I'd also have some interest in an SLK, as a replacement for my 300ZX.
I maintain my cars very well, and we average ~19,000 per year for the three of them combined, so I don't need to make any changes. Still, you never know, especially with older cars, when you might have to replace one quickly. For example, a relatively minor accident could total an older car. You usually have advance notice regarding the failure of a major component (engine or transmission), but not always. Also, sometimes several small things fail or don't work right, and together they might equal the cost of repairing a major component, so you decide that its time to trade that car. This is a wordy way of saying that it's good to be prepared. That means having an idea of which car(s) would be suitable replacements for the one(s) you currently drive.
I know a couple people with later (04-05) W203 C230 kompressor cars, and they haven't had any real problems, those cars seem to be well sorted. But the earlier ones can be glitchy. I think the current (05+) SLK has been decent too...but if you are tall, you won't like it...I didn't like the one I sat in anyway.
I don't know if any of these cars will have Japanese reliability when it comes to electronics, and servicing has to be more as well. I think that shocks some people.
Shifty the Host
I was thinking of getting the EGR removal kit, but noticed that my EGR was already disabled (good!). The vacuum line going into the EGR was removed and the EGR opening was closed up by a screw. However, the end of the vacuum line (that originally went into the EGR) was open, so I thought it would be better to plug that up too, so I put in a screw to close it. I also put a couple of golf T's in the black control box since I noticed there were a couple of open ports.
I take it for a drive, and everything is A-ok (I thought shifting was better- but maybe just an illusion).
Anyway- I come back, turn off the key and voila! engine does not shut off. Had to shut it off manually. I must have affected something; so of course I remove the screw and the 2 golf T's that I had put in, and the engine still refuses to shut off.

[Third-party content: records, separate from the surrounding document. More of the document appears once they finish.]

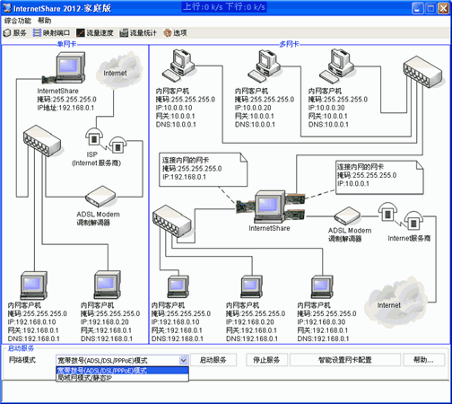 internetshare 2012.1 32bit家庭版是一款ADSL宽带共享上网软件,流量均分,流量限速,轻松实现一拖N。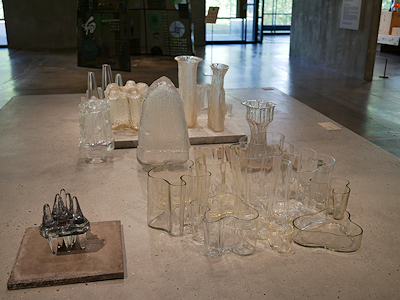 | アアルトがデザインしたガラスのフラワーベースなども展示されています。 |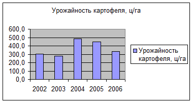 Рис. 1. Урожайность картофеля в 2002-2006гг.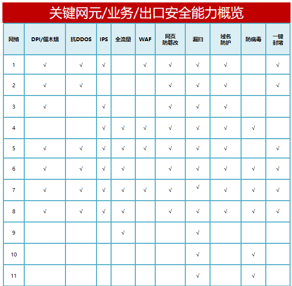 中國移動通信集團安徽有限公司以網絡為基礎,從安全防護平臺和設備上構建企業安全防護壁壘,全面覆蓋網絡設備、關鍵業務,強化公網暴露面的集中分析、研判和一鍵處置能力。實現防護能力的靈活性,做好對企業內賦能各部門、對外服務各類客戶、對上落實國家行業監管要求。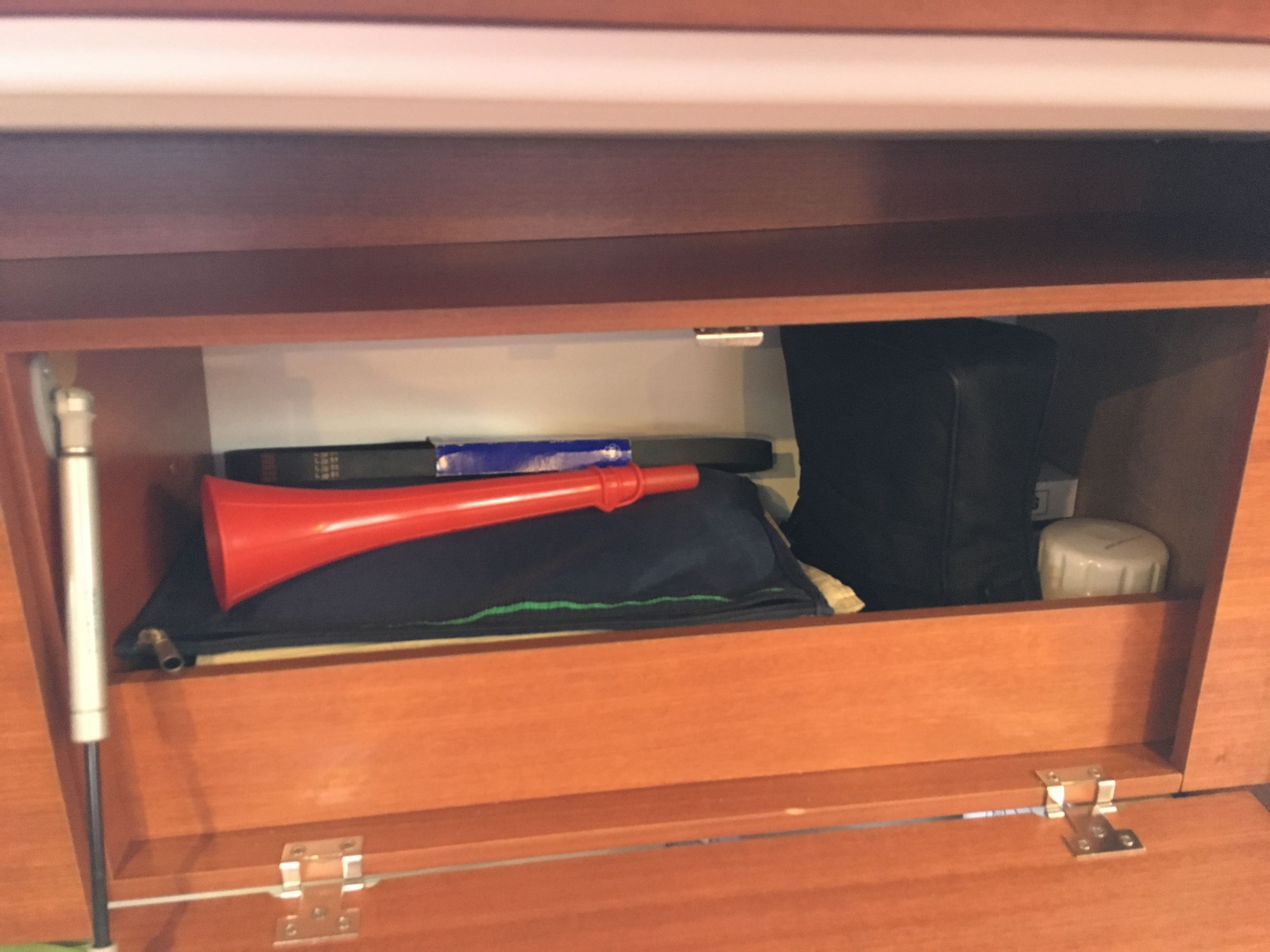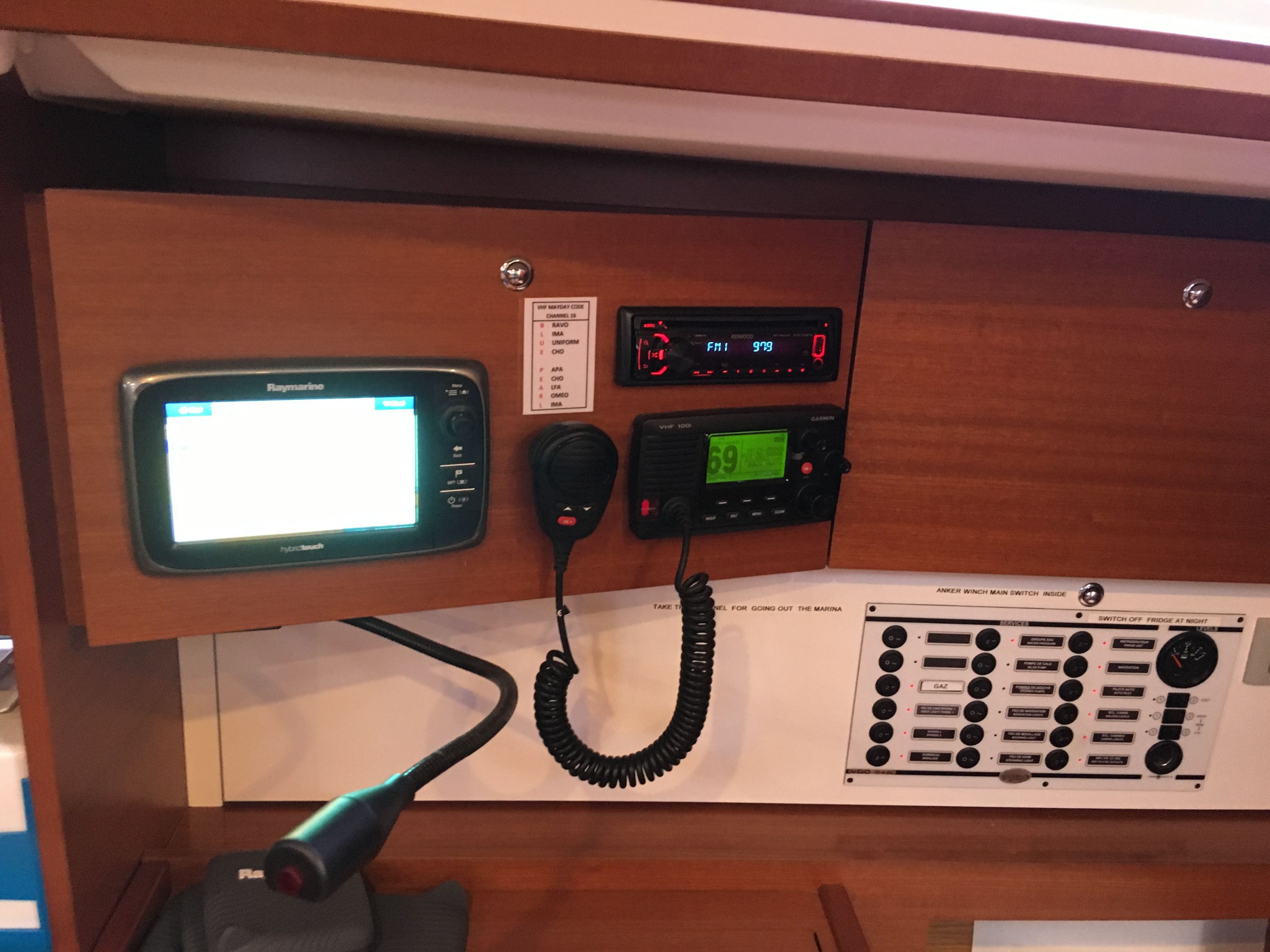 Autopilot, Blitzboje, Bootsmannstuhl, Bordapotheke, Bordwerkzeug, Feststoffschwimmwesten, Feuerlöscher, Lifebelts, Motor-Ersatzteile, Nebelhorn, Notsignale, Radarreflektor, Reparaturset für Beiboot, Rettungsinsel, Rettungswesten, Suchscheinwerfer, Taschenlampe, UKW-Funk, Zweitanker |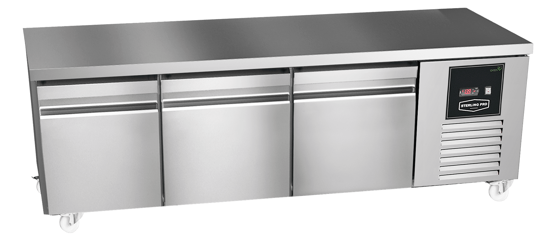 Sterling Pro Green SPI-6-200-30-NS Stainless Steel 3 Door Fridge Counter, 600mm Deep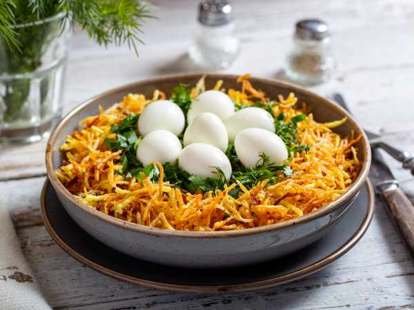 Яйца отварите заранее, остудите полностью. Из банки с горошком слейте жидкость.

What could have happened? any ideas? All I did was try to plug up some open vac. lines!! Even after restoring them to the previous status, why does the engine still not shut off?
There are these tiny tiny vacuum lines over the valve cover, on the driver's side. If you are working on the engine, these always seem to come loose from their fragile plastic connectors.

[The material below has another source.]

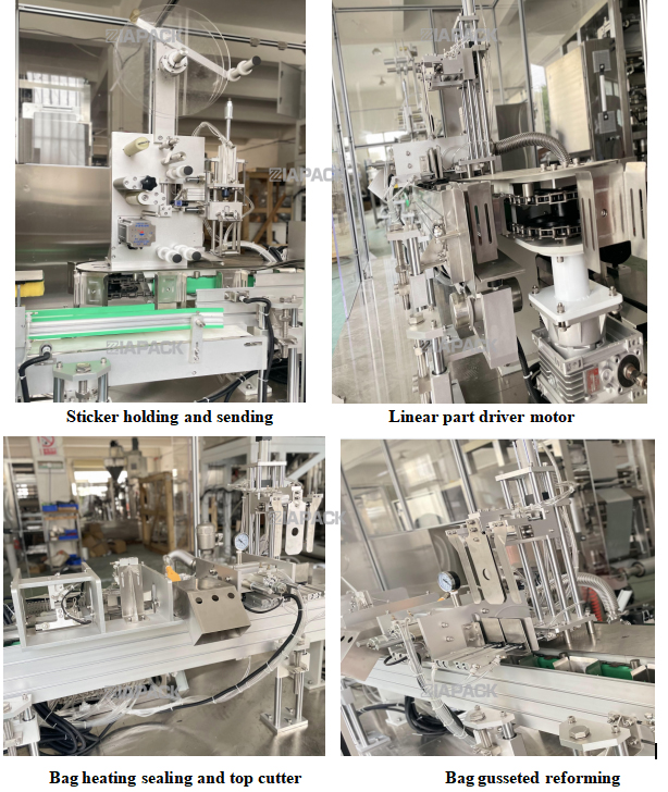 यो मेसिन माथि लेबलिङ भएको गसेट झोला बनाउनको लागि विशेष डिजाइन हो .यस मेसिनमा उत्पादन ड्रप सहितको पूरै झोला पछि।यस मेसिनले झोला बोक्ने, एक पटक झोलाको मुख फोल्ड गरेर लेबल टाँसिनेछ। SUS304 .PLC र टच स्क्रिन Siemens ब्रान्ड द्वारा अपनाईन्छ .र वायमेटिक पार्ट्सले SMC ब्रान्डलाई अपनाउछ .मुख्य विद्युतीय कम्पोनेन्टहरूले Omron र Schneider ब्रान्डलाई अपनाउछन्। यो मेसिनले स्वचालित प्याकेजिङ मेसिनसँग काम गरिरहेको छ जसले समाप्त ब्याग शीर्ष लेबलिङमा पुग्न सक्छ। यो मेसिनले स्वचालित रूपमा कार्य गर्न सक्छ। लेबलको छुट्याइएको ,लेबल पठाउने .लेबल डिटेक्टर र लेबल थिच्ने।

You know where the manual shut off is for the engine, right?
What do you think about removing the EGR valve and blocking off the exhaust and intake using one of those kits?
Along those lines, any comment on removing the air filter box and replacing it with the direct air intake kit?

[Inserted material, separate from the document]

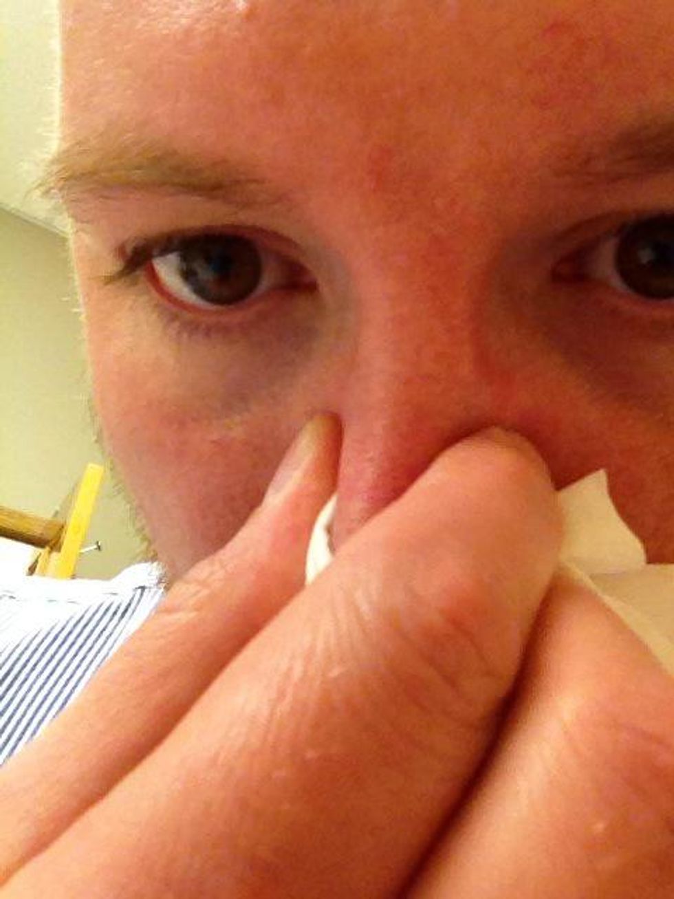 You can position the tissue just under the nostrils to keep things cleaner.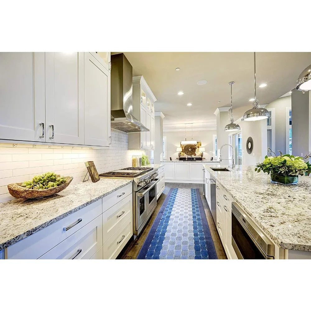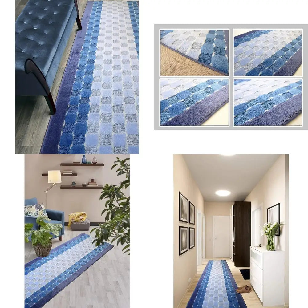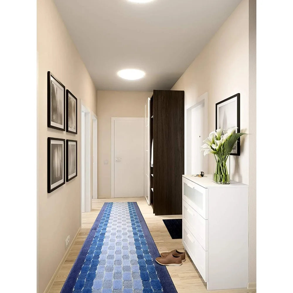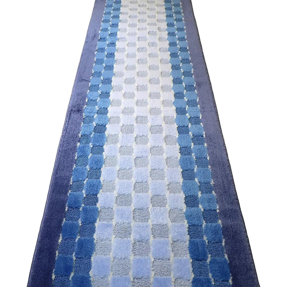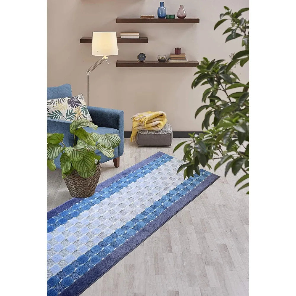Slip Resistant Checkered Blue Hallway Runner Rug Custom Length

I also now plugged up the open EGR line with a screw; and shifting- though very good before- is even better now; real smooth and not hard. I can barely feel the shift into 3 and 4.
Anybody have comments on replacing the standard air box with the "high performance" direct air kit with the K&N filter?
No, I think K&N is a complete waste of money on a diesel--there is no air throttle regulation on a diesel--all you are doing is adding fuel.
And yes, I tried it on mine and it makes no difference whatsoever.
I have another question though: Even though the vacuum line to the EGR valve is no longer connected, is the exhaust still going into the engine intake thru' the EGR? My thinking here is if any soot/ crud is going into the intake, will it be helpful to remove the EGR and block off both ends- the exhaust as well as the intake where the EGR connected, in order to prevent carbon deposits from going back in? There's a kit on ebay for $30 that does this, and seems simple enough.
If it's running okay, I wouldn't mess with it. Your car is emissions-exempt anyway.
I tried to get to the voltage regulator behind the alternator; but just couldn't get to 1 screw to remove it- gave up.